Liquid AI, the MIT-born leader in efficient foundation models, and Brilliant Labs, a pioneer in open-source smart wearables, have announced a strategic agreement to integrate Liquid’s cutting-edge vision-language foundation models (LFMs) into Brilliant’s AI glasses products. Under this partnership, Brilliant will license both current and upcoming multimodal LFMs to enhance the scene-understanding capabilities of their wearable devices.
“At Liquid, we build efficient generative AI models that demonstrate the quality and reliability of models orders of magnitude larger. Our commitment to delivering the highest quality AI solutions with the lowest energy footprint truly unlocks high-stakes use cases on any device,” said Ramin Hasani, co-founder and CEO of Liquid AI. “I strongly believe in glasses as a viable form factor for the future of hyper-personalized human-AI interaction. Brilliant Labs has been on the verge of building this future with their AI glasses products. We’re excited to bring our best-in-class, private, and efficient on-device LFMs to their customers.”

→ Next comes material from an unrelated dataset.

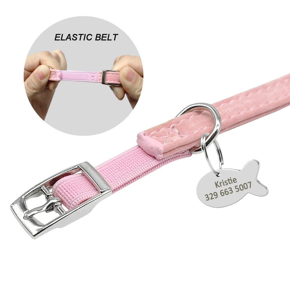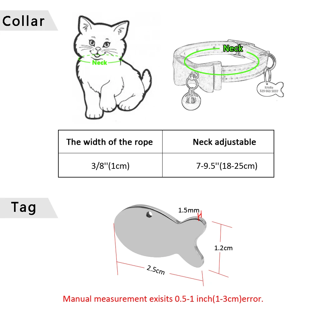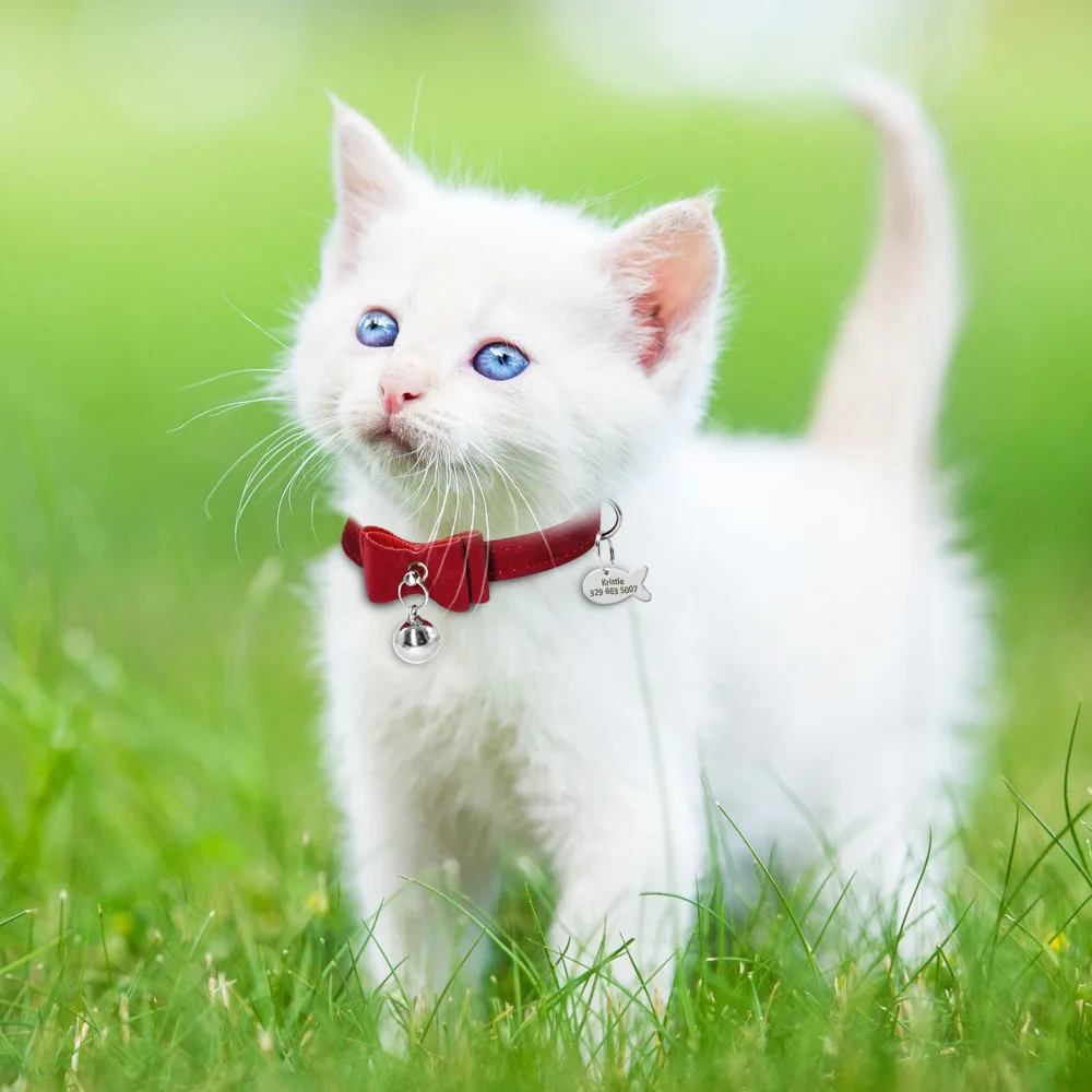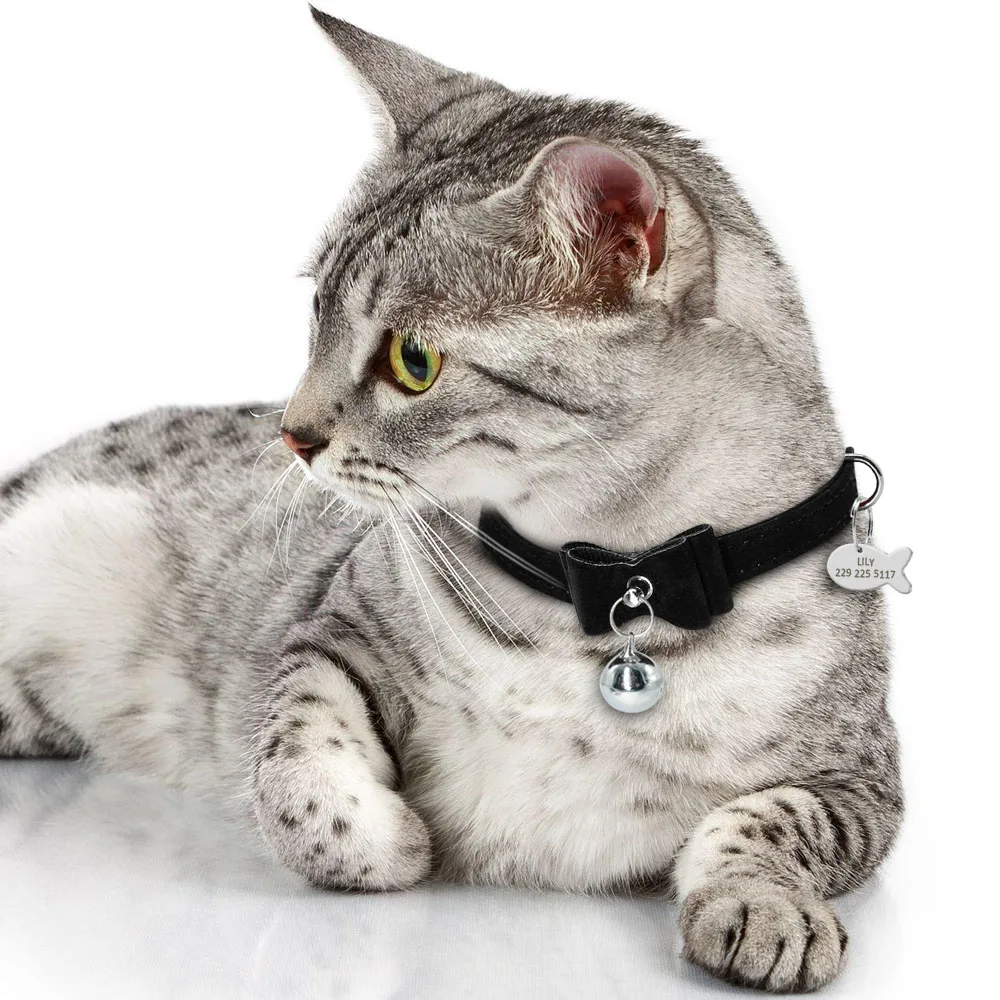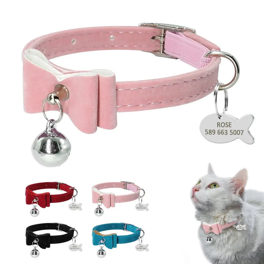 Ошейник для кошек с колокольчиком, персонализированный ошейник для щенка, идентификационный ярлык, ошейник с бантом, Заказные ошейники для собак и кошек, розовая, синяя, Бесплатная гравировка

Liquid’s models will be embedded in Brilliant’s flagship products, including the Halo AI glasses. Brilliant Labs has emerged as a leading open-source platform for developers and creators worldwide, aiming to push the boundaries of wearable computing. Halo introduces pioneering features such as AI memory, real-time conversational AI, and Vibe Mode all delivered through a secure, open, and private platform. These innovations are redefining the smart wearables market and expanding the possibilities for end-users.
Also Read: Rokid Unveils World’s Lightest AI & AR Smart Glasses
“The future of computing must be open, private, and personal,” said Bobak Tavangar, CEO of Brilliant Labs. “These are core values we share with Liquid and their incredibly innovative foundation models are a perfect fit for Halo and Brilliant’s open source AI glasses platform. The speed and efficiency of LFM2-VL-450M enables us to build a whole new class of AI features atop our glasses hardware platform and we’re just getting started.”
LFM2-VL, the first series of vision-language foundation models from Liquid, supports both text and image inputs with variable resolutions. The model features a compact yet powerful vision encoder with 86 million parameters, built on a 350M LFM2 base model. Designed for real-time intelligence, it provides highly detailed, accurate, and creative scene descriptions from a camera sensor with millisecond latency on both CPUs and GPUs.